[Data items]
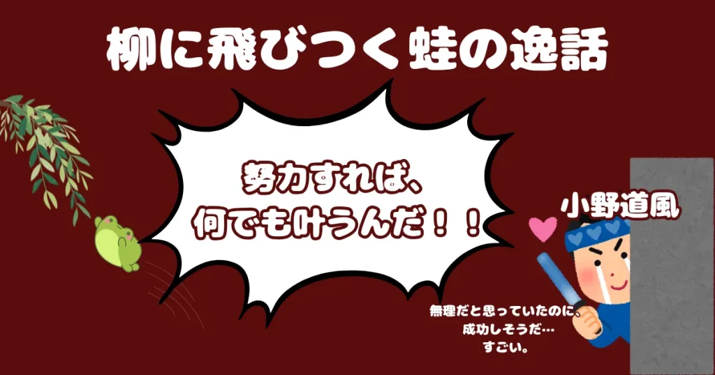 後世の教訓話・芝居・見立てとして広まったものです。史実の道風の性格や人生を直接表すというより、
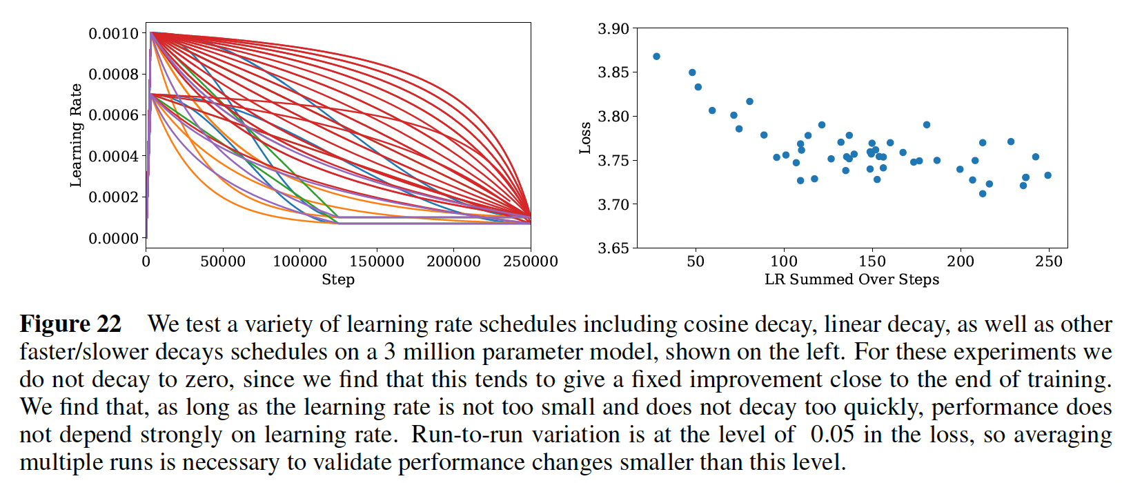 我们用各种学习率和 schedule 进行了实验。下图显示了一个小型语言模型的一系列 schedules 和测试结果。我们的结论是,只要 total summed learning rate 足够大,而且 schedule 包括一个预热期、以及最后衰减到接近零的学习率,那么 learning rate schedule 的选择基本上是不重要的。schedules 之间的方差似乎是统计学上的噪音,并为不同 training runs 之间的方差的 scale 提供一个粗略的衡量标准。在较大的模型上的实验表明,对于不同的模型大小,不同的随机种子之间的 final test loss 的方差的幅度是大致不变的。
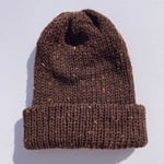 Double Layer Knit Beanie - 100% Wool - Chestnut Tweed
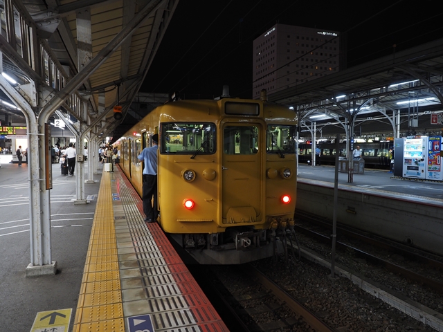 1930岡山着。姫路から普通の人が結構乗り通してるんだな。
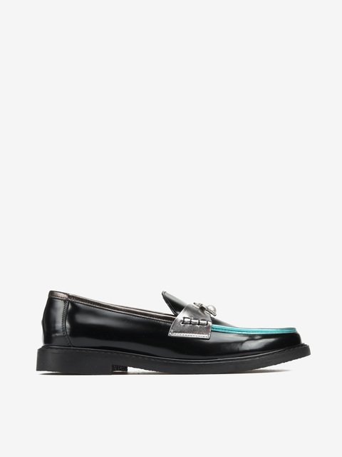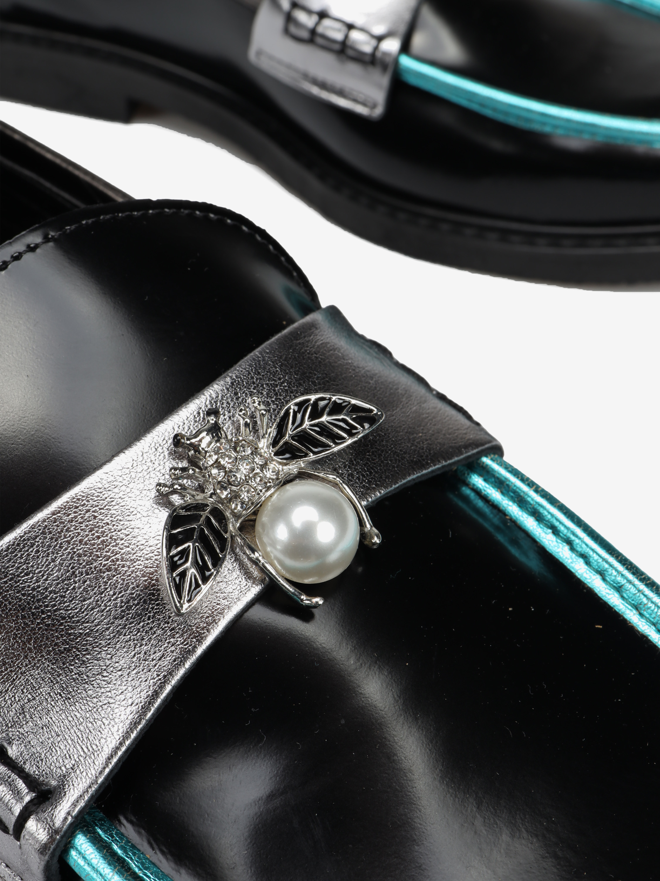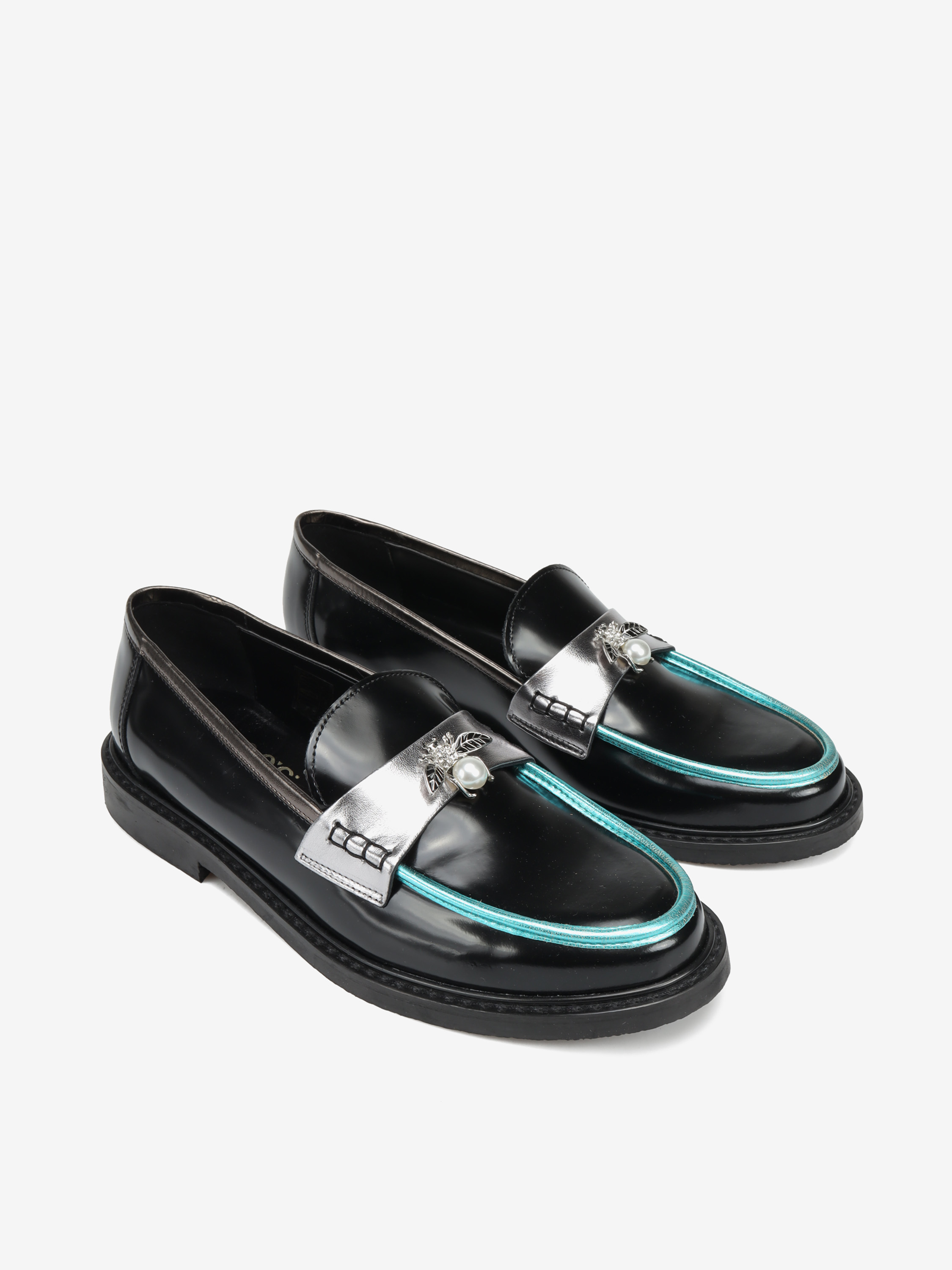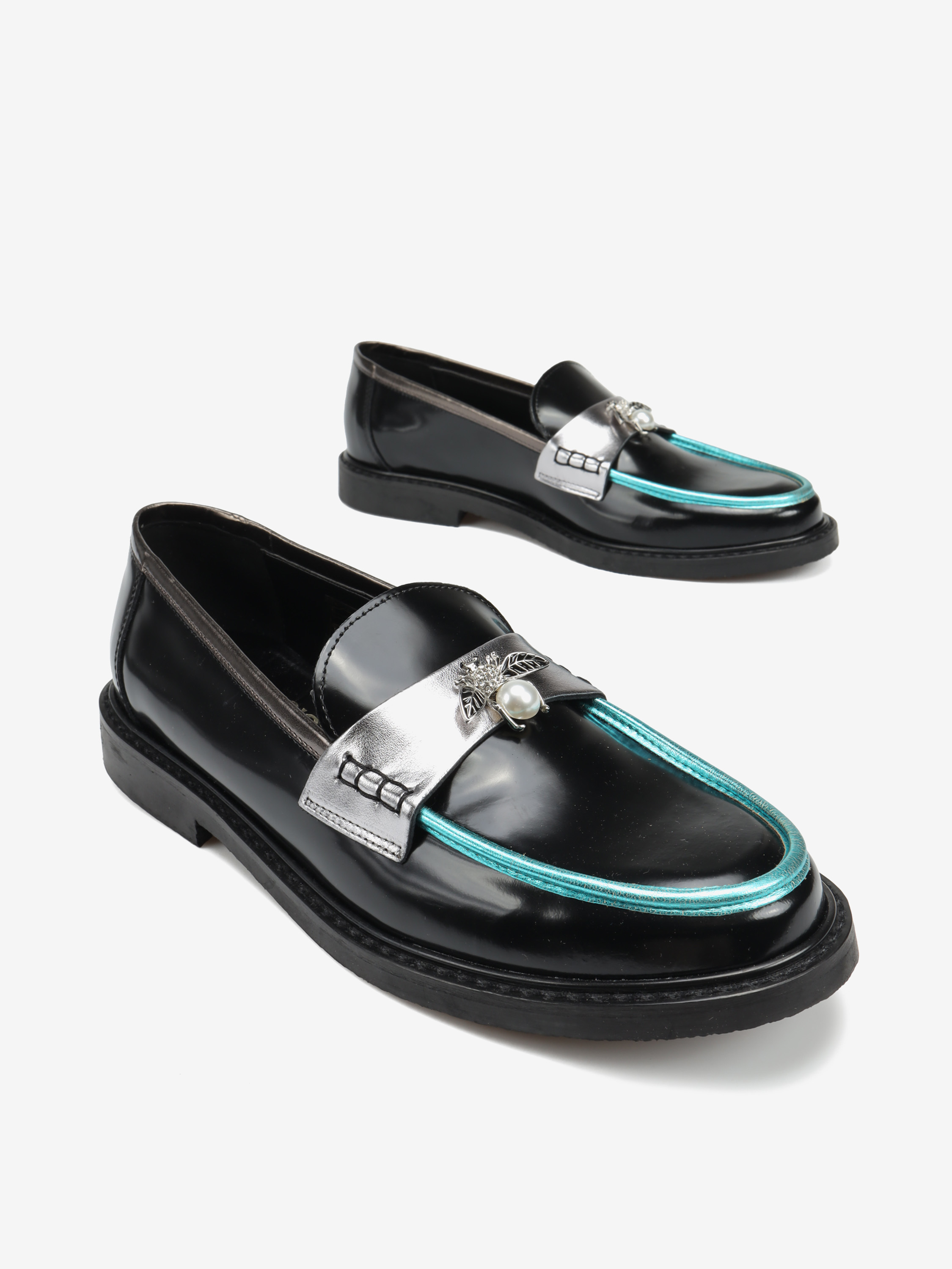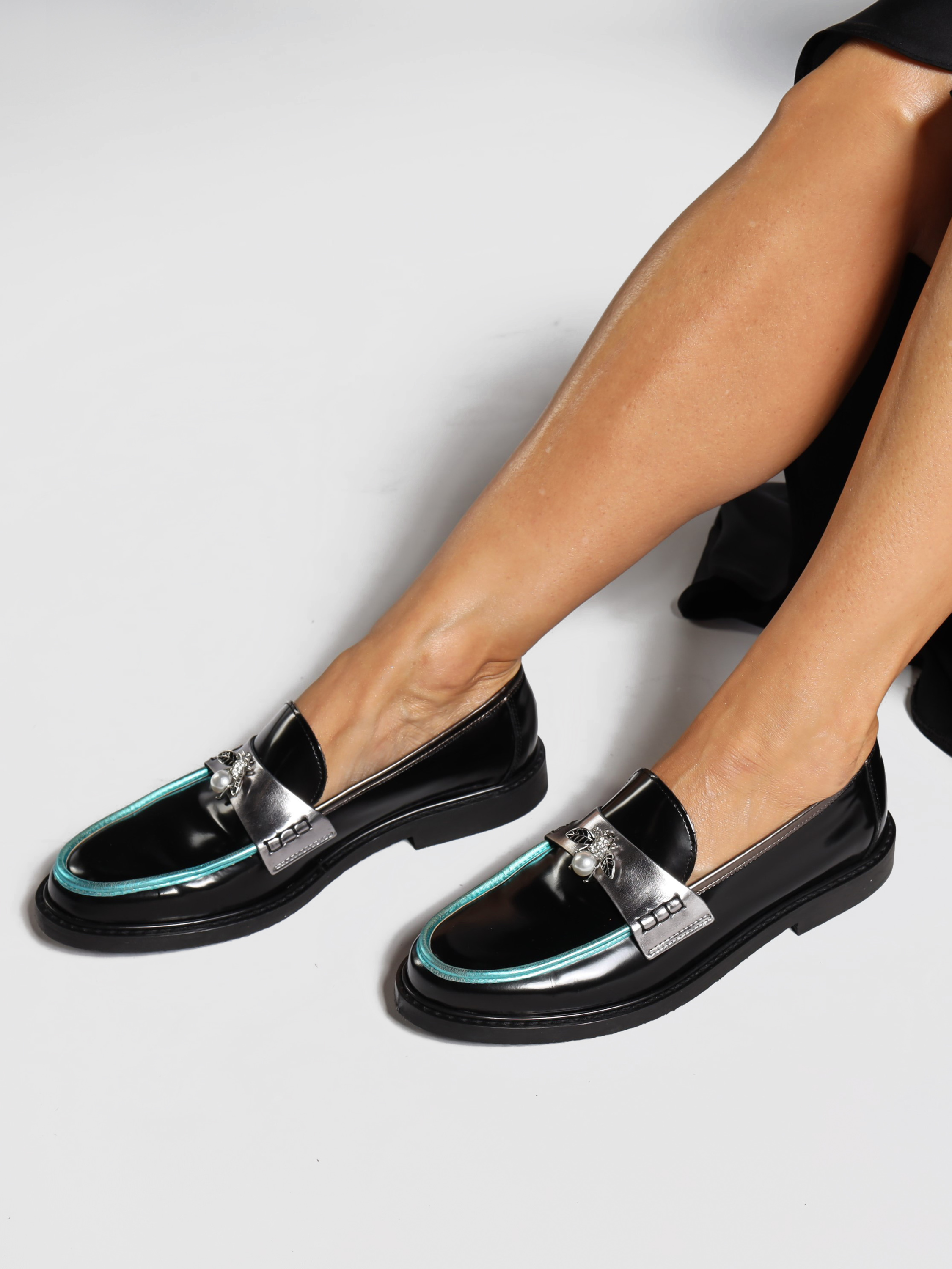 Mokasyny na płaskim obcasie to must have kobiecej garderoby. Wykonane są z włoskiej, naturalnej skóry.  Fason w stylu lordsy posiada wysoki język, charakterystyczny dla tego modelu. Modne połączenie kolorystyczne i broszka pszczoły to detale wyróżniające ten model.

=== WORK REQUIRED ===
Output the lines above in full and exactly. Leave out every picture.

=== PROBLEM SOLUTION ===
 後世の教訓話・芝居・見立てとして広まったものです。史実の道風の性格や人生を直接表すというより、
 我们用各种学习率和 schedule 进行了实验。下图显示了一个小型语言模型的一系列 schedules 和测试结果。我们的结论是,只要 total summed learning rate 足够大,而且 schedule 包括一个预热期、以及最后衰减到接近零的学习率,那么 learning rate schedule 的选择基本上是不重要的。schedules 之间的方差似乎是统计学上的噪音,并为不同 training runs 之间的方差的 scale 提供一个粗略的衡量标准。在较大的模型上的实验表明,对于不同的模型大小,不同的随机种子之间的 final test loss 的方差的幅度是大致不变的。
 Double Layer Knit Beanie - 100% Wool - Chestnut Tweed
 1930岡山着。姫路から普通の人が結構乗り通してるんだな。
 Mokasyny na płaskim obcasie to must have kobiecej garderoby. Wykonane są z włoskiej, naturalnej skóry.  Fason w stylu lordsy posiada wysoki język, charakterystyczny dla tego modelu. Modne połączenie kolorystyczne i broszka pszczoły to detale wyróżniające ten model.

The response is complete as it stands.